🤖 [SIGIR 2025] DiSCo: LLM Knowledge Distillation for Efficient Sparse Retrieval in Conversational Search

This repository contains the code and resources for our SIGIR 2025 full paper DiSCo for Conversational Search by Lupart et al. It is based on the SPLADE github by Naver [link], using a huggingface trainer for training, and the default code for index and retrieval.

We provide below an example of usage of the github for training, indexing and retrieval on TopiOCQA.

1. 🗂️ Installation and Dataset Download

Conda Environment

conda env create -f environment.yml
conda activate disco

Downloading TopiOCQA topics and the Wikipedia Passages Collection

We use the TopioCQA dataset for conversational passage retrieval.

bash setup_script/dl_topiocqa.sh

Preprocessing

We provide scripts to preprocess the TopiOCQA conversation data into a format suitable for indexing and retrieval (queries, contexts, relevance labels, etc.). By default we use row numbers as id instead of the original conv_turn format.

python setup_script/parse_topiocqa.py

2. 🚀 Inference

We support two modes of inference: 1. (Recommended) Using our prebuilt index, indexed with the checkpoint naver/splade-cocondenser-ensembledistil; OR 2. Indexing the collection yourself.

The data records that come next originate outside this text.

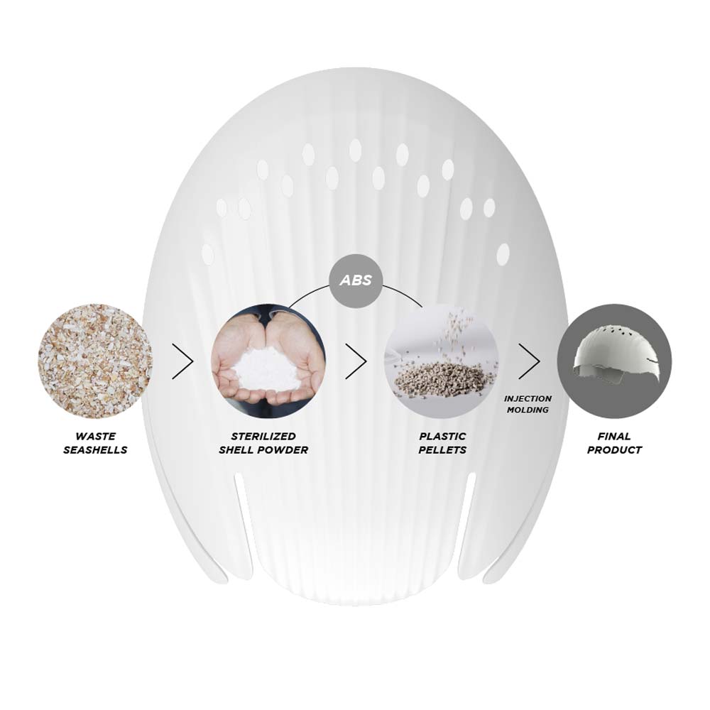 • Flexible Bump Shell inspired by nature – biomimicry : shape and powder-filled form of scallop shells, which have exceptional strength-to-weight characteristics
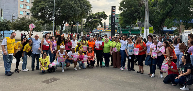 O material distribuído abordou a Lei de Política Nacional de Cuidados, 15.069/2024 e a Lei da Igualdade Salarial, 14.611/2023, que representam um marco importante de políticas públicas, visando a igualdade de oportunidade, inclusão e justiça social. A ação marcou a abertura do Mês da Mulher, que tem como tema “Sem cuidado e sem igualdade, não há democracia”.
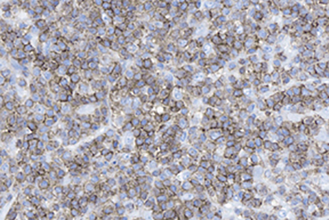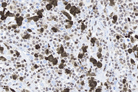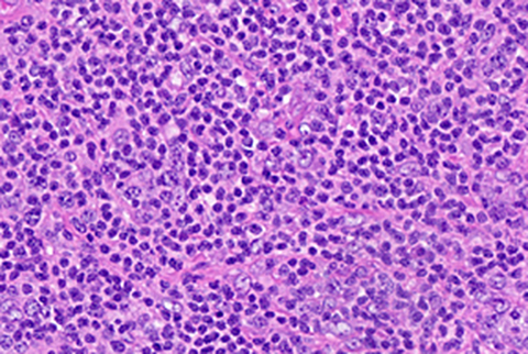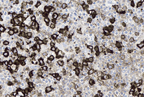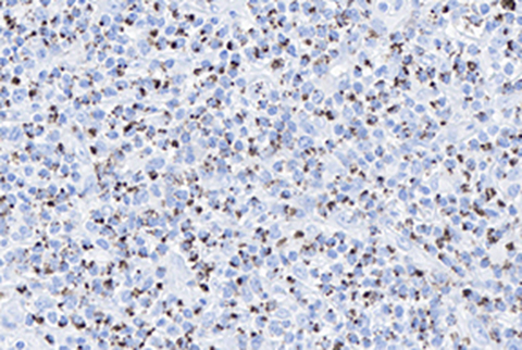 In the lymph node, the principal T-cell lymphoma differential diagnosis includes peripheral T-cell lymphoma NOS (PTCL-NOS) and angioimmunoblastic T-cell lymphoma (AITL). A key feature of ALCL's are pleomorphic, horseshoe-shaped "hallmark" cells which may be variable in size. The tumor cells are strongly CD30 positive (with large cells typically stronger than small cells), unlike the other entities previously mentioned. Additionally, ALCL expresses cytotoxic markers such as TIA-1 (unlike PTCL-NOS) but do not express follicular helper cell markers such as PD1 or have expanded/disrupted follicular dendritic cell networks (unlike AITL).
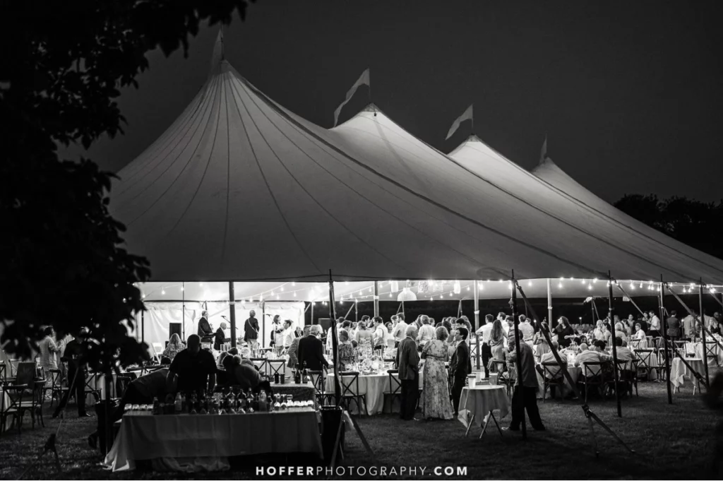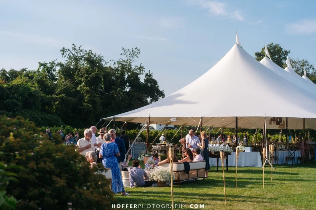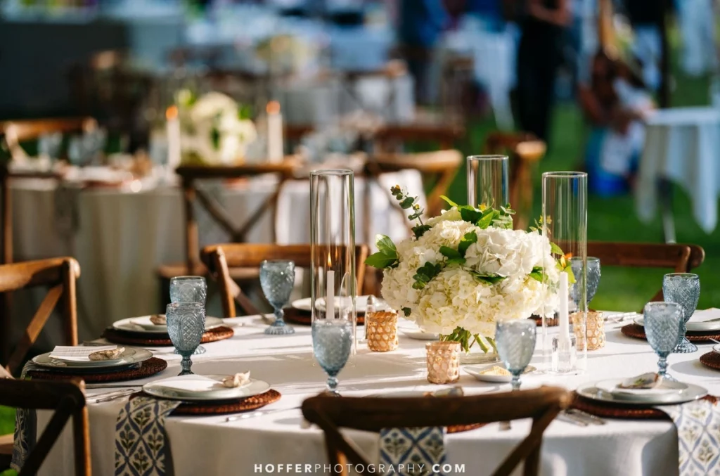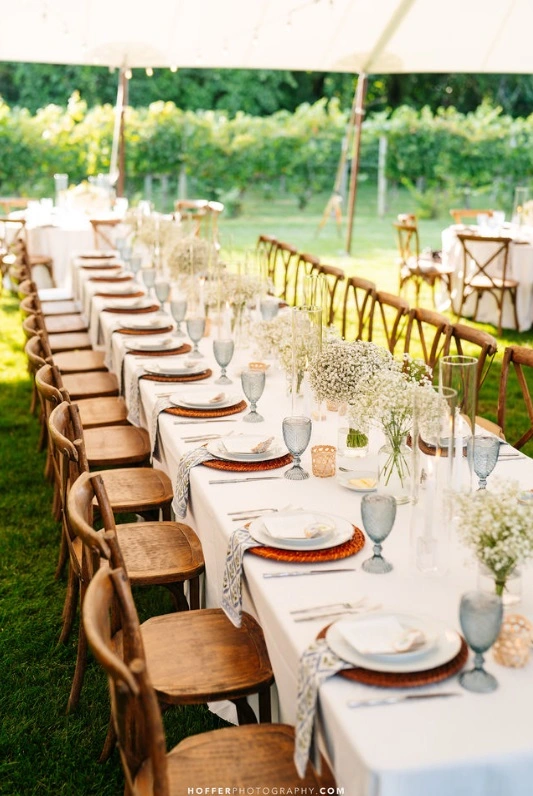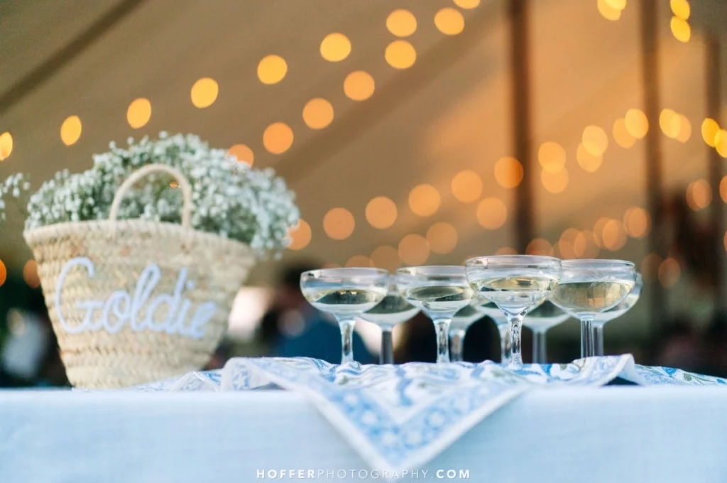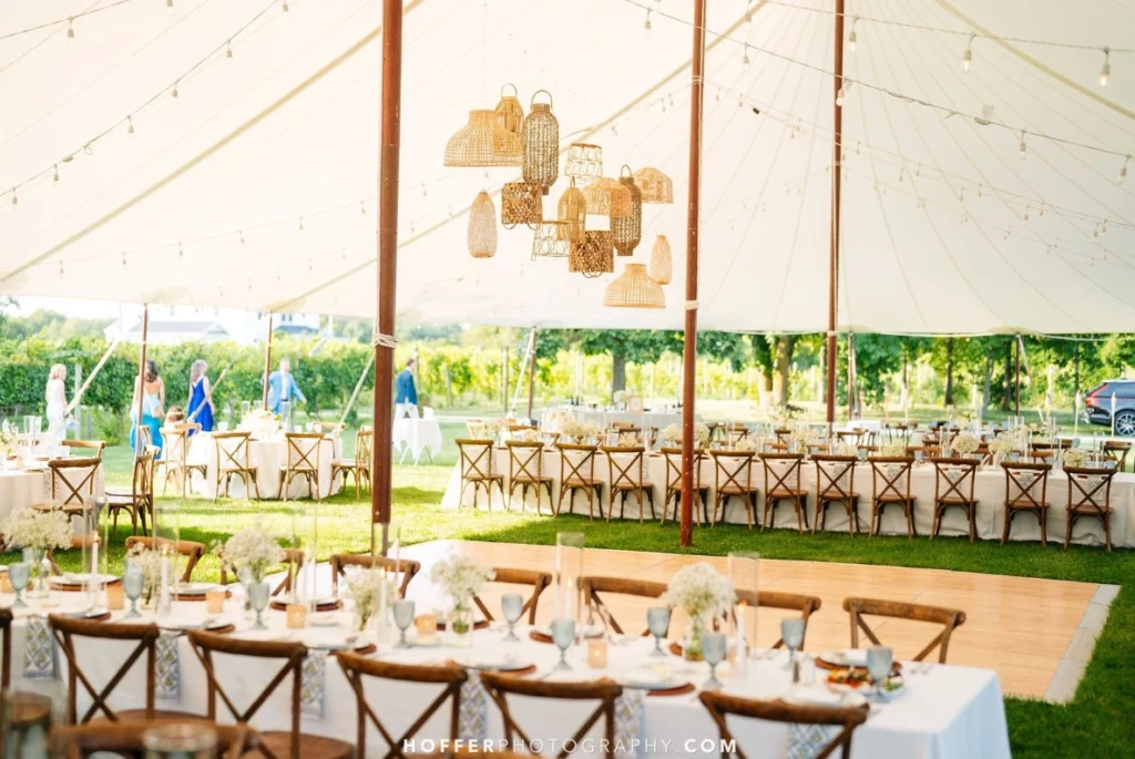 Guests then transitioned to our expansive sailcloth tent for an unforgettable reception. Tables were dressed in crisp white linens, paired with wood-tone cross-back chairs, rattan charger plates, and our ivory china with gold trim. Etched dusty blue water goblets added a subtle pop of color to the elegant table settings.
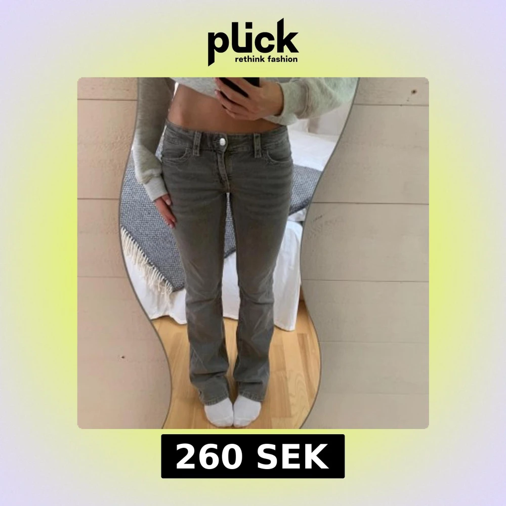 Snygga grå jeans från Gina Tricot i bootcut-modell. Jeansen har klassisk femficksdesign, med coola detaljer på bakfickorna och normal passform. Tillverkade i mjukt denimtyg som sitter skönt och ger en stilren look. Säljer då jag har har för många jeans! 💋om du undrar över något så fråga bara.
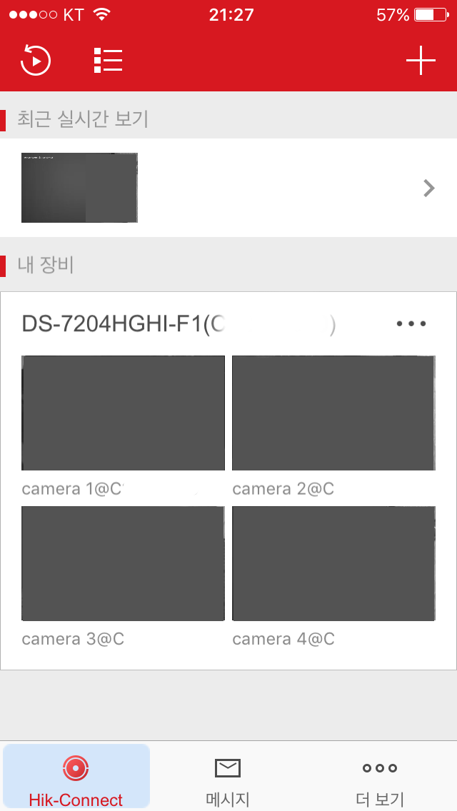 요래 아이폰으로 Hik-Connect 어플을 다운받아 세팅을 하면

Download a Prebuilt SPLADE Index

bash setup_script/dl_index_topiocqa.sh

(Optional) You can indexing the TopiOCQA collection with SPLADE yourself

You can build a SPLADE index over the TopiOCQA passage collection:

config=disco_topiocqa_mistral_llama.yaml
collection_path=DATA/full_wiki_segments_topiocqa.tsv
index_dir=DATA/topiocqa_index_self

python -m splade.index --config-name=$config \
    init_dict.model_type_or_dir=naver/splade-cocondenser-ensembledistil \
    config.pretrained_no_yamlconfig=true \
    config.hf_training=false \
    config.index_dir="$index_dir" \
    data.COLLECTION_PATH="$collection_path" \
    config.index_retrieve_batch_size=128

Retrieval with DiSCo

Retrieval script using one of our DiSCo HuggingFace checkpoint:

mkdir -p EXP/checkpoint_exp/

config=disco_topiocqa_mistral_llama.yaml
index_dir=DATA/topiocqa_index
out_dir=EXP/checkpoint_exp/disco_TOPIOCQA_mistral_llama_out_hf/

python -m splade.retrieve --config-name=$config \
    init_dict.model_type_or_dir_q=slupart/splade-disco-topiocqa-mistral \
    config.pretrained_no_yamlconfig=true \
    config.hf_training=false \
    config.index_dir="$index_dir" \
    config.out_dir=$out_dir

You can also run inference using different models available on HuggingFace, with the models we trained on TopiOCQA:

slupart/splade-disco-topiocqa-mistral
slupart/splade-disco-topiocqa-llama-mistral

3. 🚀 Training

In DiSCO, we distill knowledge from LLMs (e.g. LLaMA, Mistral) into a sparse retriever via multi-teacher distillation.

Distillation on TopiOCQA

First download the distillation file for TopiOCQA, from Mistral and Llama

bash setup_script/dl_distillation_topiocqa.sh

Then train the DiSCo model using the distillation file as teacher.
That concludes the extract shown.